___ Record set

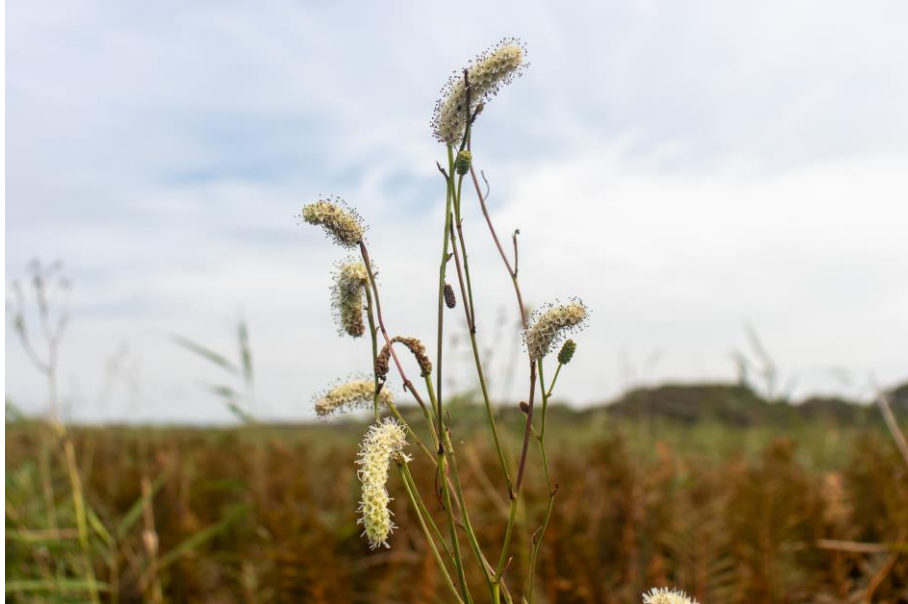
どの植物よりも高い背丈で咲いているため、ひと際目立つ。(撮影：幌延ビジターセンター/8月30日)
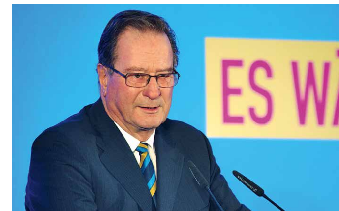
Klaus Kinkel spricht zu den Gästen

Der frühere Bundesaußenminister und FDP-Bundesvorsitzende Klaus Kinkel ist 80 Jahre alt geworden. Dies nahmen die Freien Demokraten zum Anlass, um mit Kinkel in Berlin zu feiern und seine Verdienste um Deutschland und Europa zu würdigen. Mit dabei waren zahlreiche Gäste und politische Weggefährten wie Bundesfinanzminister Wolfgang Schäuble. Kinkel habe sich „um diese Partei, aber vor allen Dingen auch um unser Land hoch verdient gemacht“, sagte Christian Lindner in seiner Laudatio. „Er verkörpert vieles von dem, was wir brauchen: Vernunft, Offenheit und Toleranz“, betonte Schäuble. In diesen gefährlichen Zeiten sei Kinkels Bekenntnis zu Europa und dessen Grundwerten nötiger denn je.
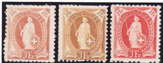
Cinq épreuves de couleur dentelées

Il existe aussi des épreuves d'oblitération . Ces oblitérations sont apposées sur des épreuves sur papier originale ou non, afin de contrôler l'aspect ou la sécurité de l'encre.
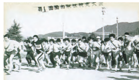
昭和58年、第1回関市駅伝競走大会を開催。
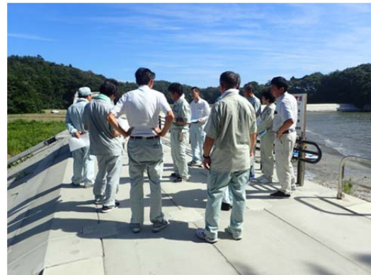
▲奥松島地区の海岸堤防

沿岸部で実施している復旧復興事業が現在どのようになっているか学ぶため、8月28日に現地研修会を実施しました。今回は、東部地方振興事務所の管内に位置する「大川地区」、「奥松島地区」を視察し、東部地方振興事務所の職員から説明を受けました。現在は完成に向けて作業を進めていますが、換地等の調整作業に時間がかかっているとのことでした。また、内陸部の事業と異なる、復旧復興事業の難しさがあるということで、大変勉強になった研修でした。
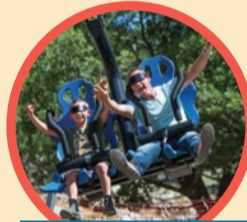
SKY RIDER VR
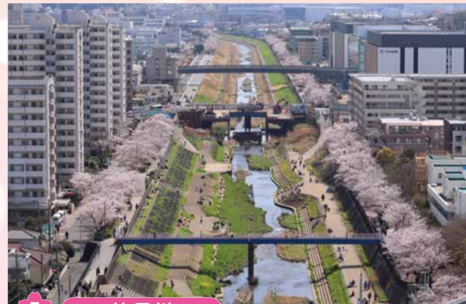
5 柏尾川 柏尾川の桜の歴史は古く、江戸時代からの桜の名所です。現在、区内の柏尾川プロムナードに現存する桜は約700本で、その約8割がソメイヨシノです。そのほかには、オオシマザクラ、ヤマザクラなど9品種が確認されています。
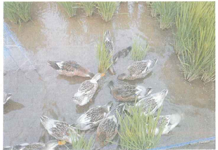
アイガモ農法はアイガモが虫や草を食べ、その排泄物が養分になる無農薬農法
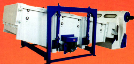
TXZS系列旋振筛(与循环风选器配套)
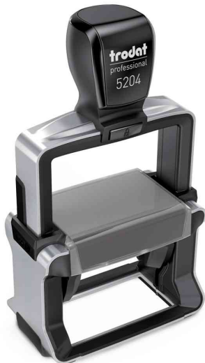
Textstempel Professional 4.0 5204

Zubehör: Ersatzstempelkissen: Abgabe nur in ganzen VE's
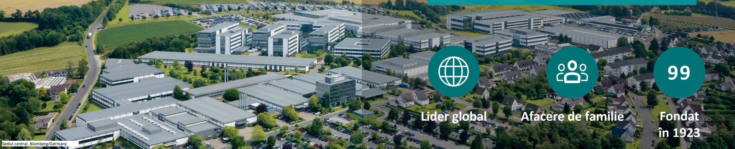
Sediul central, Blomberg/Germany

Phoenix Contact dezvoltă și produce echipamente și tehnologii pentru industria electrică și electronică destinate alimentării, protejării, conectării și automatizării sistemelor.
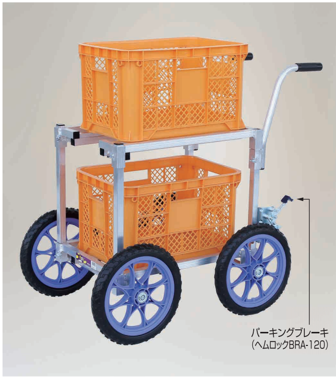
パーキングブレーキ (ヘムロックBRA-120)
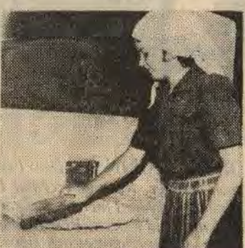
De färdiggräddade kakorna borstas av från mjöl och sot...

frågade så fick man bara till svar att man tog på en höft, på ett ungefär, så det kändes bra, som man brukade osv. Inga direkta mått som jag kunde vara nöjd med.

______

◆ **Aim of the exercise**:
Copy every line of the data where "Klaus" is found.

◆ **Answer for this exercise**:
Klaus Kinkel spricht zu den Gästen
Der frühere Bundesaußenminister und FDP-Bundesvorsitzende Klaus Kinkel ist 80 Jahre alt geworden. Dies nahmen die Freien Demokraten zum Anlass, um mit Kinkel in Berlin zu feiern und seine Verdienste um Deutschland und Europa zu würdigen. Mit dabei waren zahlreiche Gäste und politische Weggefährten wie Bundesfinanzminister Wolfgang Schäuble. Kinkel habe sich „um diese Partei, aber vor allen Dingen auch um unser Land hoch verdient gemacht“, sagte Christian Lindner in seiner Laudatio. „Er verkörpert vieles von dem, was wir brauchen: Vernunft, Offenheit und Toleranz“, betonte Schäuble. In diesen gefährlichen Zeiten sei Kinkels Bekenntnis zu Europa und dessen Grundwerten nötiger denn je.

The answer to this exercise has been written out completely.